As long as algorithm use is understood as a merely mechanical affair, it seems obvious that reformists are the true progressivists. But if we reject this understanding, and reflect on the centrality to mathematical thought of the standard algorithms, things look very different. Now it seems clear that champions of reform math are wrong to invoke progressive ideals on behalf of de-emphasizing these algorithms. By the same token, it seems clear that champions of preparatory math have good claims to be faithful to those ideals.

I cannot imagine a paragraph that is more the exact opposite of actuality.

There is a moral here for progressive education that reaches beyond the case of math. Even if we sympathize with progressivists in wanting schools to foster independence of mind, we shouldn’t assume that it is obvious how best to do this. Original thought ranges over many different domains, and it imposes divergent demands as it does so. Just as there is good reason to believe that in biology and history such thought requires significant factual knowledge, there is good reason to believe that in mathematics it requires understanding of and facility with the standard algorithms.

The authors were doing fine until they wrote the second part of this last sentence. The standard algorithms offer no privileged insight into arithmetic, let alone the far broader discipline of mathematics. Their value today is primarily historical. For the period after our ancestors developed symbolic writing up to the invention of the modern computer, the standard algorithms were of great value.
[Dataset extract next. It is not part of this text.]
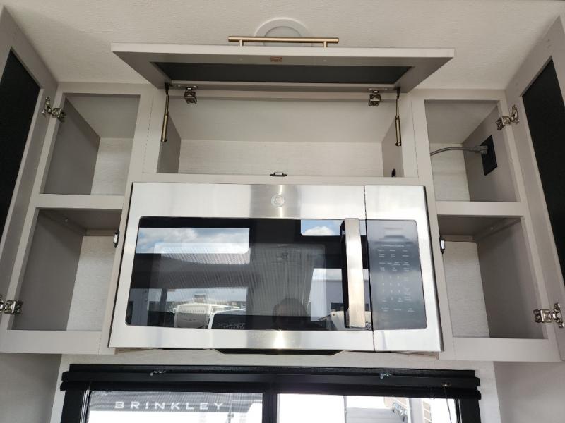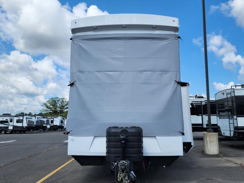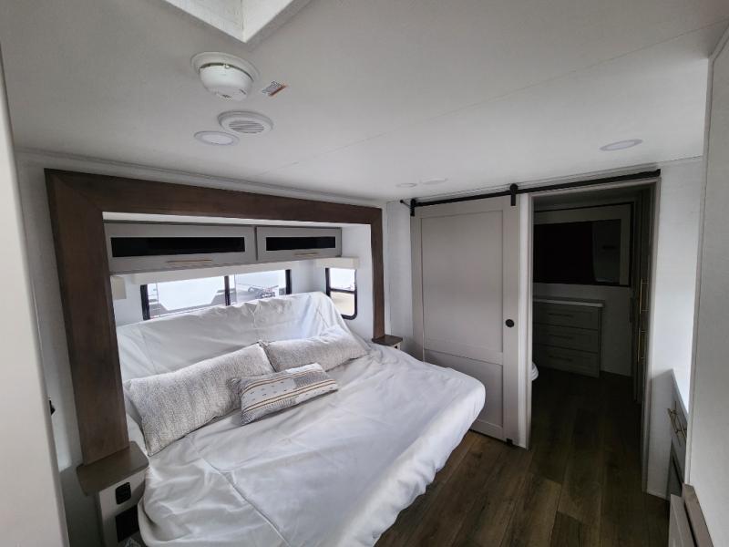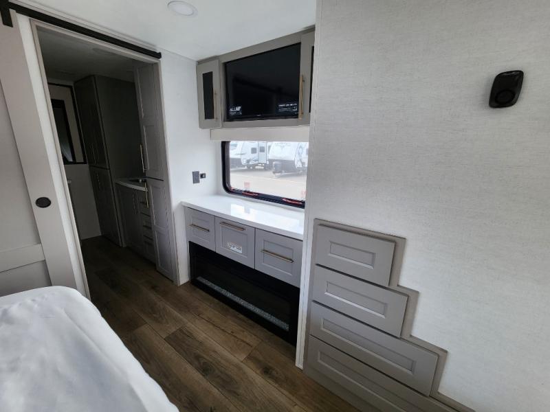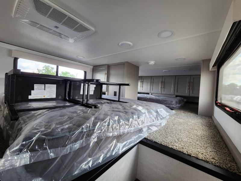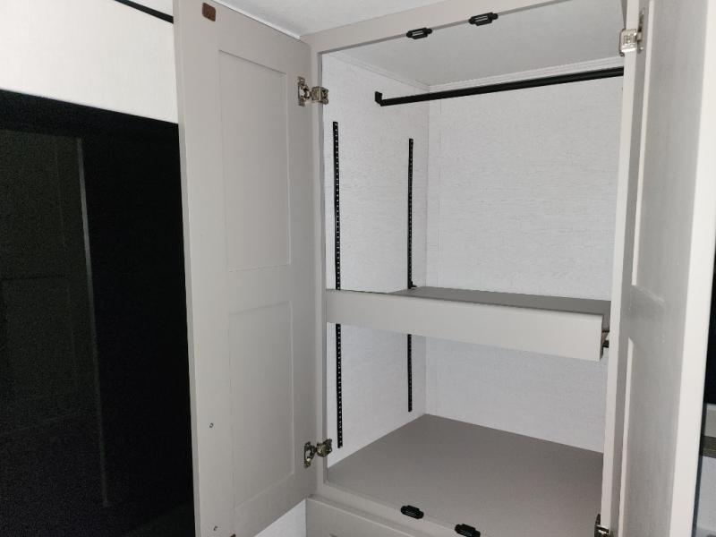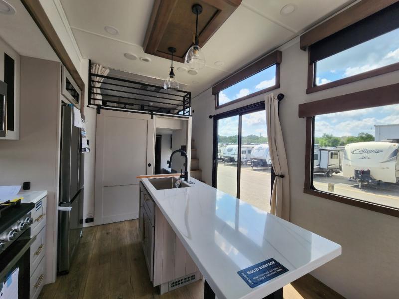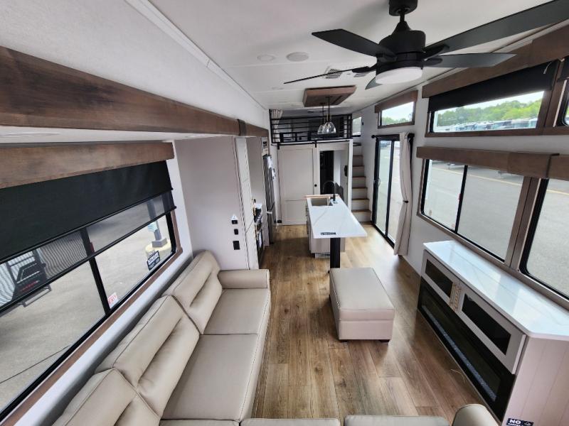 This destination trailer is perfect for a big crowd since it has one Power Tilting king bed, three mattress and an L- shape sofa. Experience the in-home feeling with the amazing kitchen and living room, furnished with a Kitchen island, L- shape sofa and a residential 110 V fridge. Also, you can sense the extreme coziness thanks to the dual fire places and get 24/7 entertainment due to the four TVs along the trailer. Plenty of place can be found in the front and rear loft bedrooms with three wardrobes in total. Lastly the two full bathrooms will allow you to comfortably take a shower after a long day.

They no longer offer anything of unique pedagogic value other than variety. Other algorithms are better suited to learning.

Indeed there is also good reason to believe that when we examine further areas of discourse we will come across yet further complexities. The upshot is that it would be naïve to assume that we can somehow promote original thinking in specific areas simply by calling for subject-related creative reasoning. If we are to be good progressivists, we cannot be shy about calling for rigorous discipline and training.

An apple pie paragraph that everyone will agree with.

The preceding reflections do more than just speak for re-evaluating the progressive credentials of traditional, algorithm-involving math. They also position us to make sense of the idea, which is as old as Plato, that mathematics is an exalted form of intellectual exercise. However perplexing this idea appears against the backdrop of the sort of mechanical picture favored by reformists, it seems entirely plausible once we recognize that mathematics demands a distinctive kind of thought.

Actually, what the preceding reflection indicates is that the authors haven’t any real understanding of mathematics or mathematics learning. (Second author puzzlement again.) They certainly give the impression they have no idea what reform mathematics is about, since the reformists’ position is as far removed from a “mechanical picture” as can be imagined.